Although not directly speed-related, we have also put quite a lot of work in on the pybench module, as a result of which its accuracy and repeatability should be improved. Not only that but this work may also lead to the introduction of another benchmark with even better repeatability. Lots of tests have been written this week ...
Until all the new tests are incorporated into formal benchmarks it might not be easy to detect the speedup; it's evident to everyone here, though, that many of the speedups are in areas that the average user will perceive. The improvements to string and unicode handling will probably be welcome to most users. I hope readers will feel free to post comments to let the other sprinters know how much their efforts are appreciated.
It is the earnest of hope all the sprinters that this event will demonstrate to the software and related industries that they can engage sections of the open source community in a way that assists both sides. Sprinters have been quite willing to address specific performance issues raised by the sponsors, although there was no compulsion on them to do so, and there has been a general appreciation that both sides will benefit from the sprint.
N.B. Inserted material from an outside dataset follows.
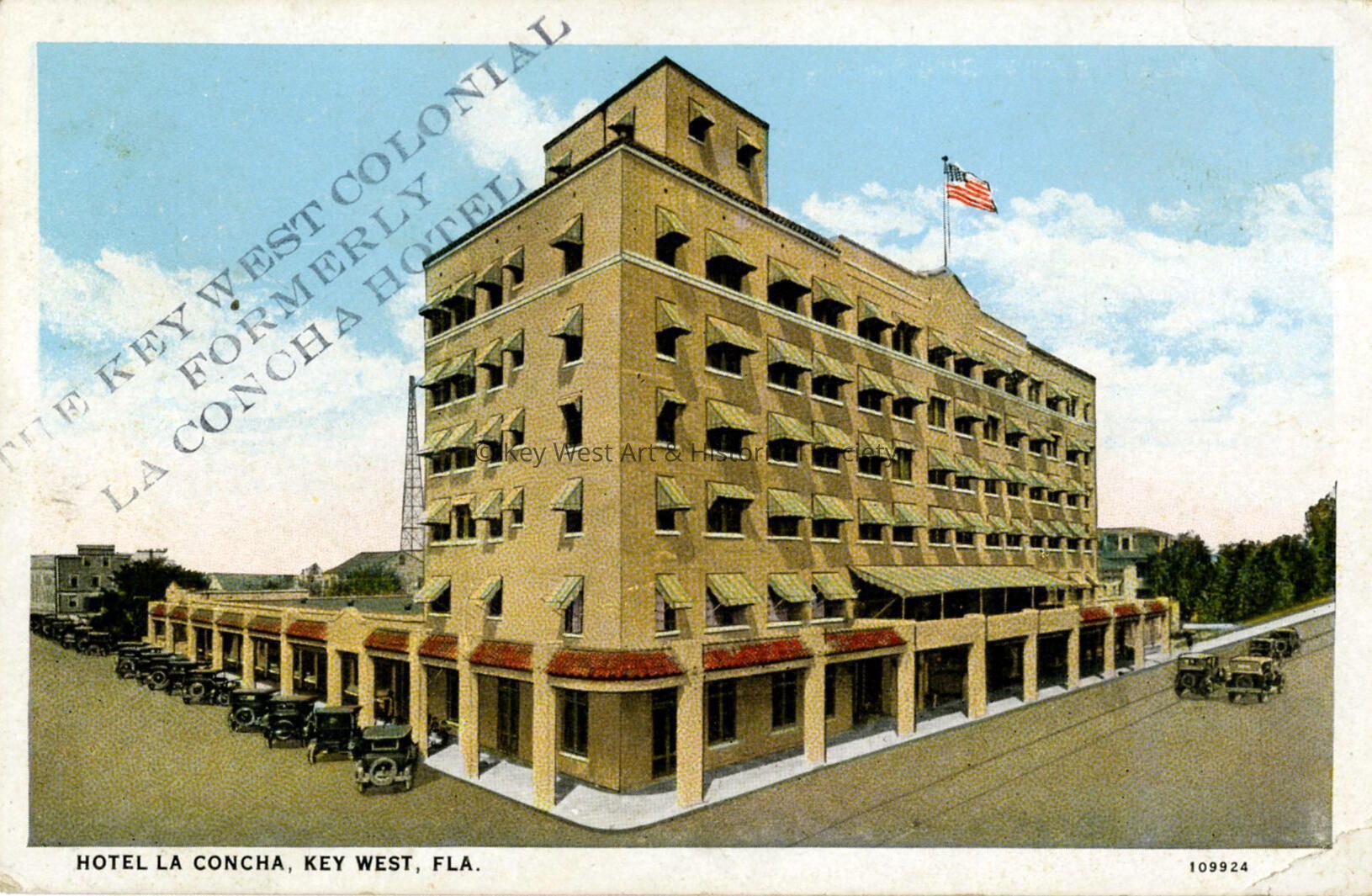 Postcard depicting the La Concha Hotel at 430 Duval Street. The caption reads, 'Hotel La Concha, Key West, Fla.' There is an inked stamp across the front of the card that reads, 'The Key West Colonial formerly La Concha Hotel.'Subject Place

We live in strange times, and the computing industry is having to come to terms with an infrastructure that is increasingly developed and maintained by people not under their direct control. This is scary to the average commercial manager: David Salomon deserves credit for his perception that those who engage the open source community most whole-heartedly will benefit most.
I fly out of Keflavik at 7:20 tomorrow morning. By coincidence I shall be on the same aeroplane as four American friends who change flights in Iceland. So, I have a week's holiday to look forward to, including visits to Loch Ness and a Guiness brewery. Rest and relaxation will be the order of the day. After that it's back to work, and being a director of the Python Software Foundation.
This has been one terrific week, though tiring, and has built a cohesion among the team which will remain even after the sprint. I hope it leads other organizations to consider supporting the open source community instead of just being passive consumers of the output without putting much back. With luck, much may hinge on this little project.